Problem statement
In the listing below, locate the line with "Romeo is dead |" and the line with "店面第一年每月租金为人民币_", then output both and everything between them exactly, minus any pictures.

Input records

------------------------------

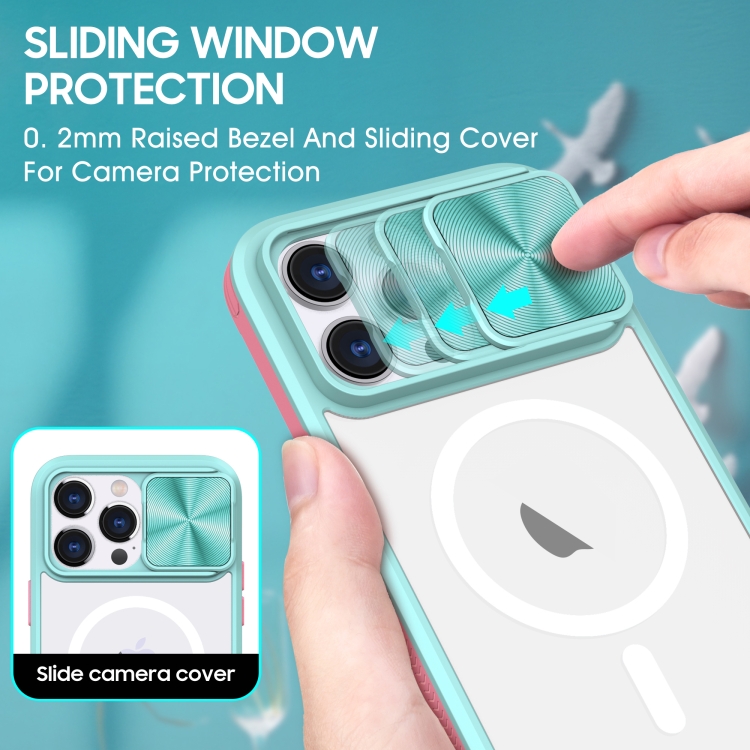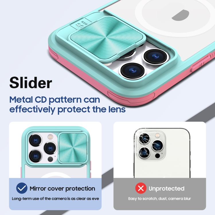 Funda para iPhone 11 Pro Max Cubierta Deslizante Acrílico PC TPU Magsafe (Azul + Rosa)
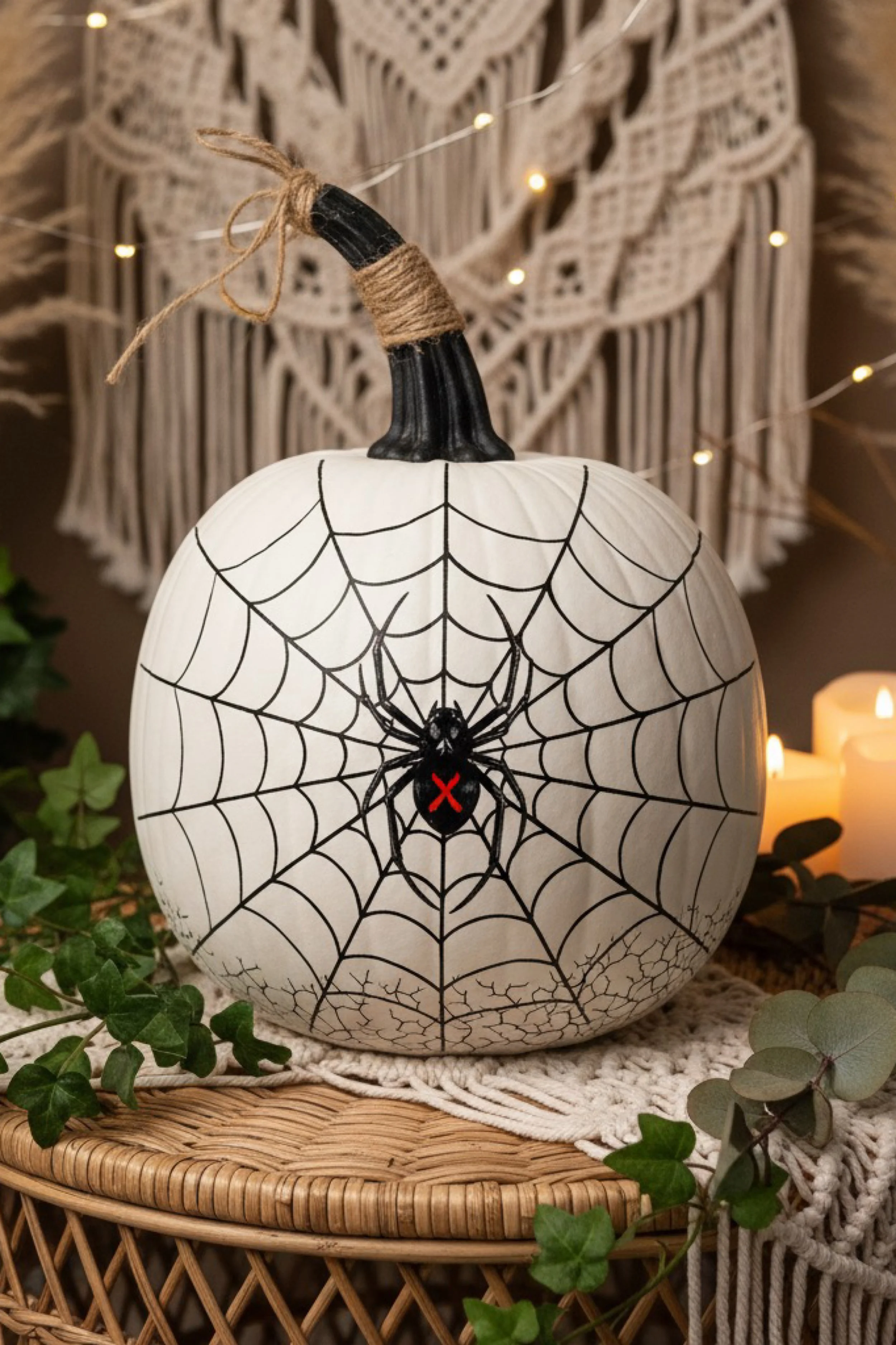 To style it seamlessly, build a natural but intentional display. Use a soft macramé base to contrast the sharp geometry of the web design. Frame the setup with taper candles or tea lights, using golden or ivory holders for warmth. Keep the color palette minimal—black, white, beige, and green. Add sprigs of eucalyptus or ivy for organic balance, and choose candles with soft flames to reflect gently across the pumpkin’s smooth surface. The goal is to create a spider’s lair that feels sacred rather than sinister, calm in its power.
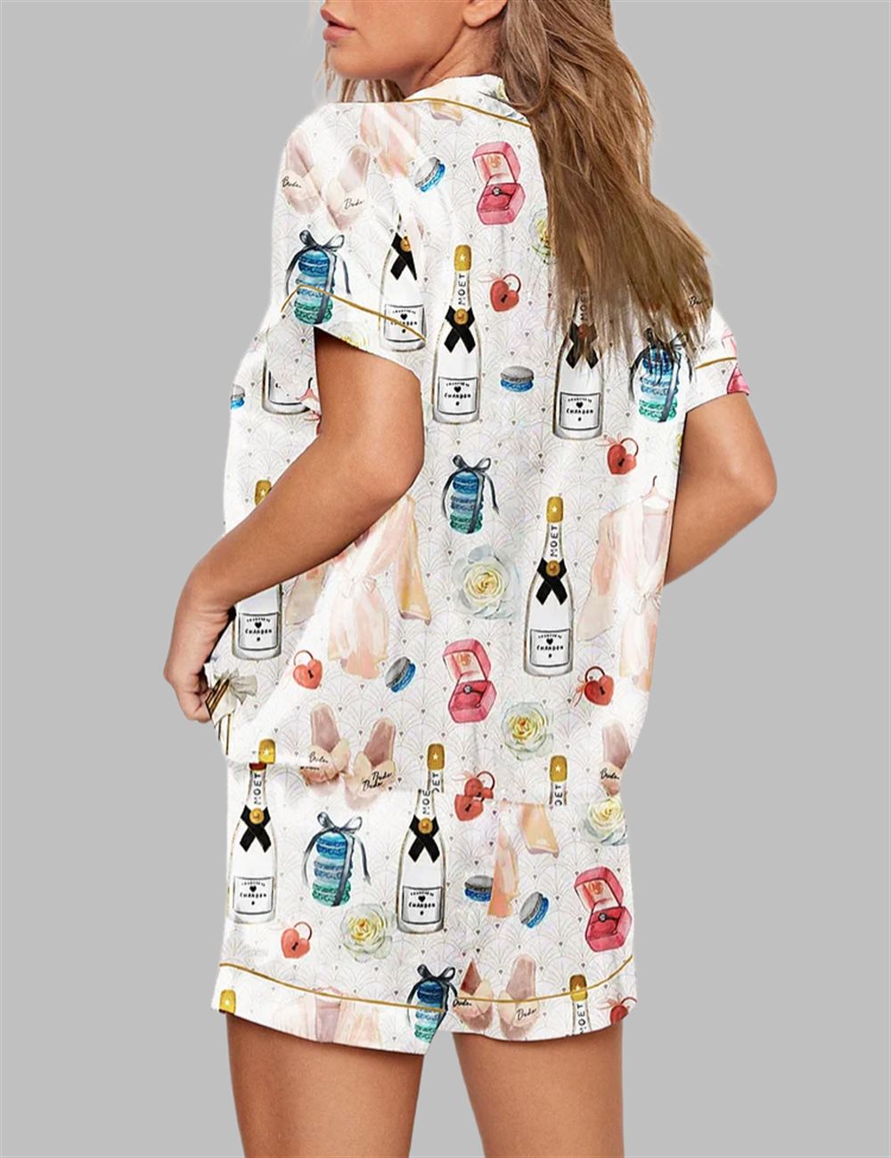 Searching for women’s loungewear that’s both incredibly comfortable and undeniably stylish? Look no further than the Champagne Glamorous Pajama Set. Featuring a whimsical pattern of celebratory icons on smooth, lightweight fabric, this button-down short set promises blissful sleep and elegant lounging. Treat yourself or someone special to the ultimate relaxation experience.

------------------------------

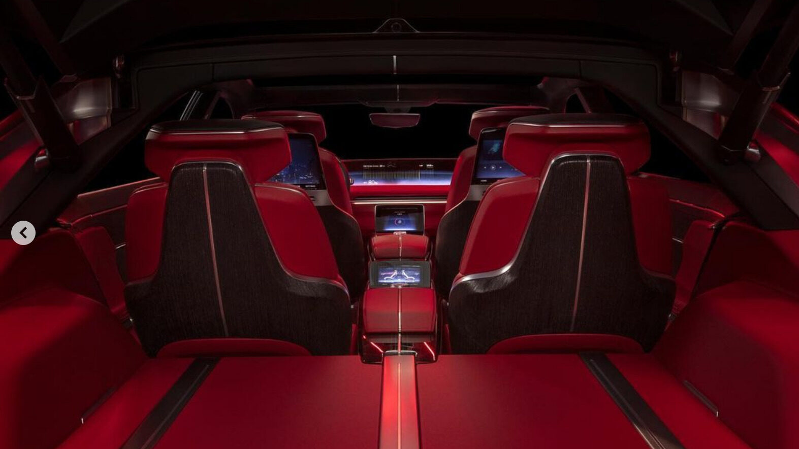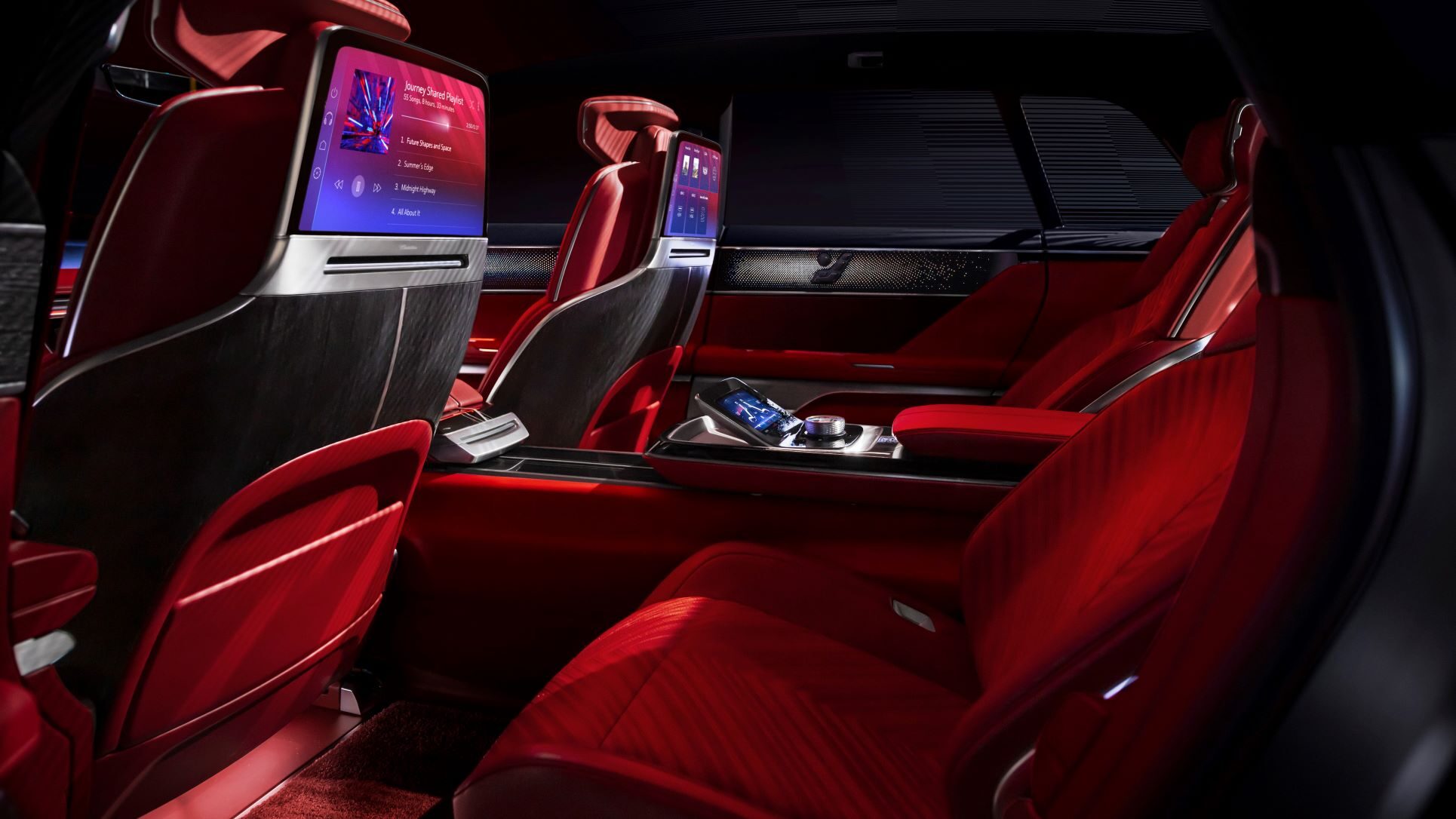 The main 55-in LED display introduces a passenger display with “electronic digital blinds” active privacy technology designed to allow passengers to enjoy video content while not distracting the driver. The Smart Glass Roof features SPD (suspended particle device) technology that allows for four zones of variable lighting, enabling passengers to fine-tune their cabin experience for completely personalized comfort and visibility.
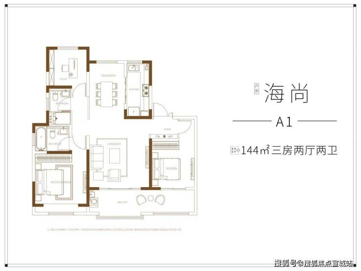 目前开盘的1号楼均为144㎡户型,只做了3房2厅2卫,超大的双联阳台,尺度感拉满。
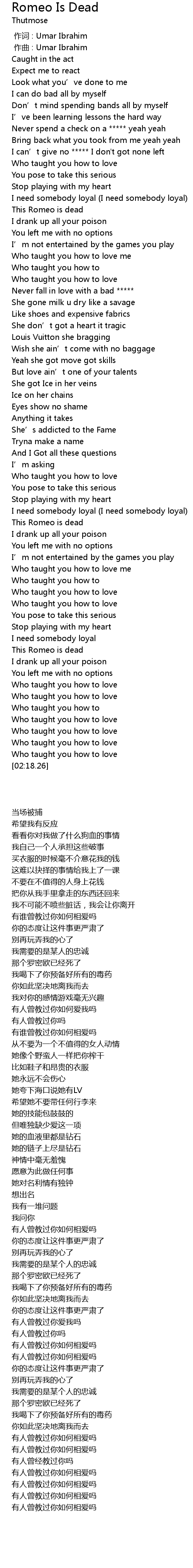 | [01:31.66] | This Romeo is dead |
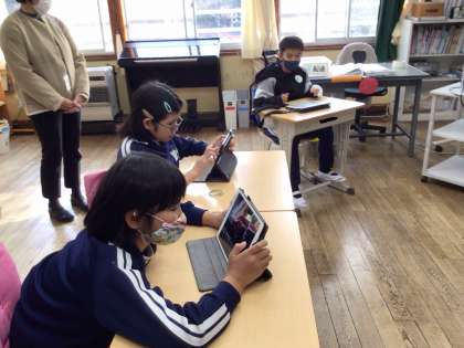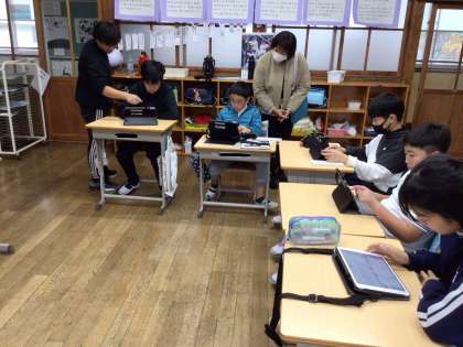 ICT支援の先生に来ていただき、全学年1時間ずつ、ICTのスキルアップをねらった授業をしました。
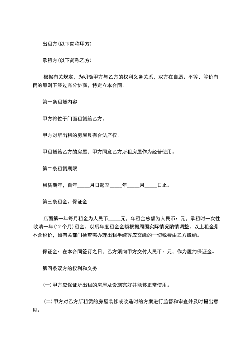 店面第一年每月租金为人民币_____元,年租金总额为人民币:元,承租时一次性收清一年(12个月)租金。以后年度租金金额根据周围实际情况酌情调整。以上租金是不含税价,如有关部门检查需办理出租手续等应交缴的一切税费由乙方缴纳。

------------------------------

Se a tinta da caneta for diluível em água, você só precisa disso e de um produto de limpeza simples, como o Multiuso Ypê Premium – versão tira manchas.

------------------------------

Problem solution
 | [01:31.66] | This Romeo is dead |
 ICT支援の先生に来ていただき、全学年1時間ずつ、ICTのスキルアップをねらった授業をしました。
 店面第一年每月租金为人民币_____元,年租金总额为人民币:元,承租时一次性收清一年(12个月)租金。以后年度租金金额根据周围实际情况酌情调整。以上租金是不含税价,如有关部门检查需办理出租手续等应交缴的一切税费由乙方缴纳。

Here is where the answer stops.